We run a lot of Claude Code sessions. At any given time there might be six or eight open, across different repos, different tasks, sometimes different agents working in parallel. Each session spawns its own MCP server processes for the tools it uses. For most tools, this is fine. For Quarry, which loads a 200MB ONNX embedding model into memory, it meant six copies of the same model sitting in RAM doing nothing.

We built all of our tools as Python MCP servers first, one heavy server per session, and we were focused on getting the functionality right, not on what happens when eight sessions each spawn one. Then the machine started struggling under the memory multiplication, and that pressure is what pushed us to build a proxy and move the heavy state into shared daemons. We took the problem in the wrong order: functionality first, resource shape second. This post shares the order we actually went in, not a clean design we had up front. What we landed on is not “thick or thin.” It is two separate questions. How heavy and session-agnostic is the resource the server owns? And how much per-session context must the MCP server itself carry? The answers point to three shapes, and we run all three.

The debate we walked into

The journey started with an argument that was already running when we joined it. A widely shared Medium post argues that CLIs beat MCP for coding agents, and the reasoning deserves to be stated fairly [1]. MCP front-loads every tool’s schema into the context window at session start. A typical GitHub MCP server exposes around 90 tools and costs roughly 55,000 tokens of schema before the agent does anything. A CLI starts at zero context and reads --help on demand for a few hundred tokens. Models are fluent in shell from their training data, where git, gh, and jq appear constantly, whereas MCP tool schemas do not appear in that data at all. The post cites a benchmark across GitHub tasks where the CLI approach ran close to 100% reliable at 1,365 to 8,750 tokens per task, against MCP at about 72% reliable and 32,000 to 82,000 tokens [1]. The author is Phil at Rentier Digital, building on Peter Steinberger’s OpenClaw work.

That gap is already being narrowed. Anthropic’s late-2025 “code execution with MCP” pattern presents MCP servers as code APIs the agent imports and calls, rather than schemas loaded up front, which cuts the token cost substantially [2].

The clients are moving too, not only the servers.

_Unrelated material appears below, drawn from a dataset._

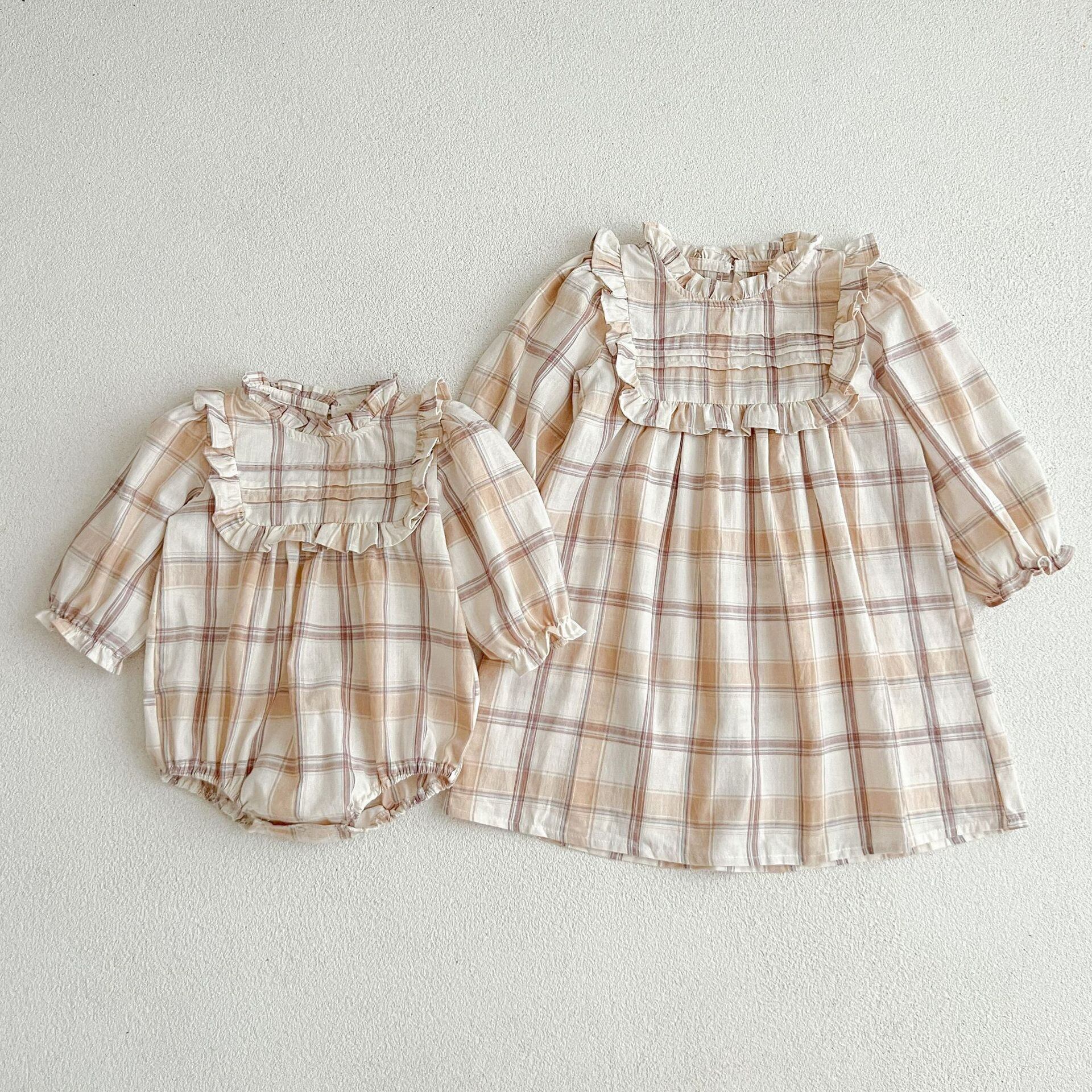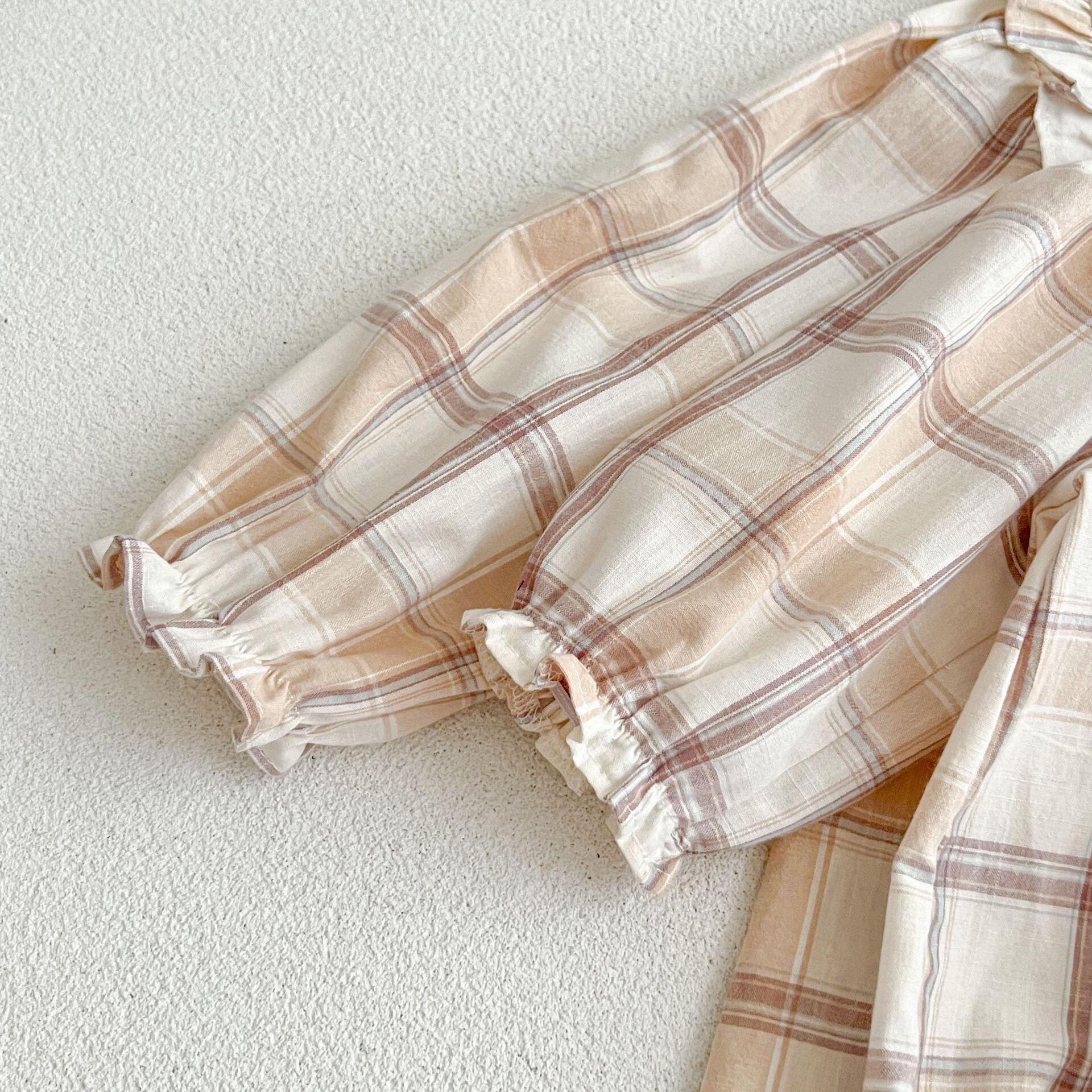 ふんわりした雰囲気の淡色チェックがかわいいロンパースです♡

Claude Code shipped MCP Tool Search in January 2026, on by default, so instead of loading every tool’s schema at session start it defers the heavy ones and gives the model a search tool that pulls in the three to five it actually needs [3]; the underlying tool-search capability arrived on Anthropic’s developer platform in November 2025 with Opus 4.5. We can see the effect in our own stack: our MCP servers (Biff, Quarry, Vox, Lux, ethos, and Z Spec) declare about 85 tools between them, and their full schemas come to roughly 24,000 tokens, yet with deferral on a normal session holds closer to 2,000 tokens of tool schema, because Claude Code loads only what the session actually calls. These are approximate figures read from Claude Code’s own /context report, not a controlled measurement. The token tax the debate turns on is now being paid down at the client, not only at the server.

Our stance is simpler than either side of the debate. We build both, always. One library, projected to both a CLI and an MCP server, which is the pattern we describe in Universal Access to Capability. The choice is never CLI or MCP for the whole toolbox. It is per use case.

So when does MCP earn the token cost? Two cases have held up for us.

Session-tied or auth-tied connectivity. A CLI process cannot hold state between invocations. Connection pooling and cached authentication are therefore off the table, because each exec starts cold and exits. A long-lived MCP process keeps the pool warm and the credentials cached.

Asynchronous callbacks and notifications. MCP can push to the agent, and a CLI cannot. Biff updates its read-messages tool description with the current unread count and emits tools/list_changed when the picture changes, so the agent sees new information without asking for it. Fire-and-forget work benefits too: ingesting a large PDF into Quarry or synthesizing speech in Vox returns control to the agent immediately instead of blocking until the process exits.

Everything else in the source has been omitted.